[Math] Derivative of matrix-valued function with respect to matrix input

derivativesmatricesmatrix-calculus

I have the expression

$$\bf \phi = \bf X W$$

where $\bf X$ is a $20 \times 10$ matrix, $\bf W$ is a $10 \times 5$ matrix.

How can I calculate $\frac{d\phi}{d\bf W}$? What is the dimension of the result?

Best Answer

Let function $\mathrm F : \mathbb R^{n \times p} \to \mathbb R^{m \times p}$ be defined as follows

$$\rm F (X) := A X$$

where $\mathrm A \in \mathbb R^{m \times n}$ is given.

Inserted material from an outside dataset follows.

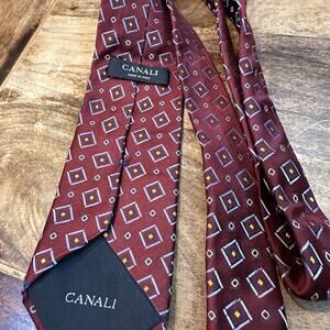 Canali Men's Red 100% Silk Geometic Print Neck Tie

The $(i,j)$-th entry of the output is

$$f_{ij} (\mathrm X) = \mathrm e_i^\top \mathrm A \, \mathrm X \, \mathrm e_j = \mbox{tr} \left( \mathrm e_j \mathrm e_i^\top \mathrm A \, \mathrm X \right) = \langle \mathrm A^\top \mathrm e_i \mathrm e_j^\top, \mathrm X \rangle$$

Hence,

$$\partial_{\mathrm X} \, f_{ij} (\mathrm X) = \color{blue}{\mathrm A^\top \mathrm e_i \mathrm e_j^\top}$$